La Mostra itinerante del Ventennale di Psicomotricità Funzionale si sposta in varie regioni italiane con un progetto realizzato attraverso la raccolta e la selezione di vecchi video d’archivio dell’ISFAR “Scuola Jean Le Boulch”, per ripercorrere la storia dell’evoluzione del pensiero di Jean Le Boulch tradotto in principi teorici e le varie prassi operative guidate dalla sua collaboratrice René Essioux.

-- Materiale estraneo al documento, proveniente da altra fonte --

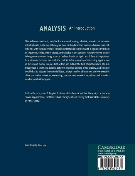 This self-contained text, suitable for advanced undergraduates, provides an extensive introduction to mathematical analysis, from the fundamentals to more advanced material. It begins with the properties of the real numbers and continues with a rigorous treatment of sequences, series, metric spaces, and calculus in one variable. Further subjects include Lebesgue measure and integration on the line, Fourier analysis, and differential equations. In addition to this core material, the book includes a number of interesting applications of the subject matter to areas both within and outside the field of mathematics. The aim throughout is to strike a balance between being too austere or too sketchy, and being so detailed as to obscure the essential ideas. A large number of examples and 500 exercises allow the reader to test understanding, practise mathematical exposition and provide a window into further topics.

Si tratta di un racconto in immagini che interessa quanti hanno voluto consolidare la propria mente e la propria azione con le radici che si trovano nell’archivio della storia di una scienza. Così, come fossero tratti da un vecchissimo album di foto di famiglia in soffitta, i numerosi episodi tesoreggiati ma non certo dimenticati che compongono oggi la Mostra, hanno ripreso vita, tanto da far venire la voglia di ripercorrere una storia e conoscerne i suoi protagonisti. La Mostra si sta dimostrando un’attività culturale apprezzata per la grande utilità, poiché rende conoscibile lo sconosciuto, visibile l’immaginato, concreto l’astratto. Si è potuto così soddisfare con dimostrazioni certe chi era curioso di sapere meglio e assai più da vicino il ruolo importantissimo di Jean Le Boulch e gli eventi che hanno dato vita alla sua scienza, la Psicomotricità Funzionale. E per quanti non hanno avuto il piacere di incontrare personalmente Jean e René, la mostra permette di avvicinarli, fissarne la fisionomia e ogni caratteristica che li distingue nell’agire e nel relazionare, impegnati nel loro fare, vitali, ingegnosi e operosi come sempre ricchi di grande sapienza ed entusiasmi.  I video assai articolati consentono così di volgere uno sguardo al passato e alle origini di cui si sostanzia l’unione degli psicomotricisti funzionali che condividono la paternità di una professione ed interagiscono sulla base di aspettative condivise per uno slancio nel presente e nel futuro delle professioni intellettuali. Professionisti con ruoli interrelati che dalle radici genealogiche e di pensiero, se partecipi alla Mostra, potranno meglio progettare e decidere in gruppo e con una forza dinamica vitale le risposte che la società si attende da questi specialisti e dalla loro organizzazione che li rappresenta. Ogni persona interessata ed in particolare ciascun associato, può crescere perciò in conoscenza e abilità e rendersi consapevole dell’interdipendenza, cioè del bisogno che l’uno ha dell’altro per arrivare agli scopi che gli associati si sono prefissati per soddisfare la coesione e l’identificazione.

La Mostra itinerante Jean Le Boulch diviene così l’occasione per mantenere vivo il ricordo di un caposcuola che con grande responsabilità ha lasciato al mondo scientifico e professionale il patrimonio della sua scienza, e per condividere assieme ai tanti visitatori, conoscenze ed esperienze atte a stabilire alleanze sostenute dal successo e dal prestigio dello Psicomotricista Funzionale.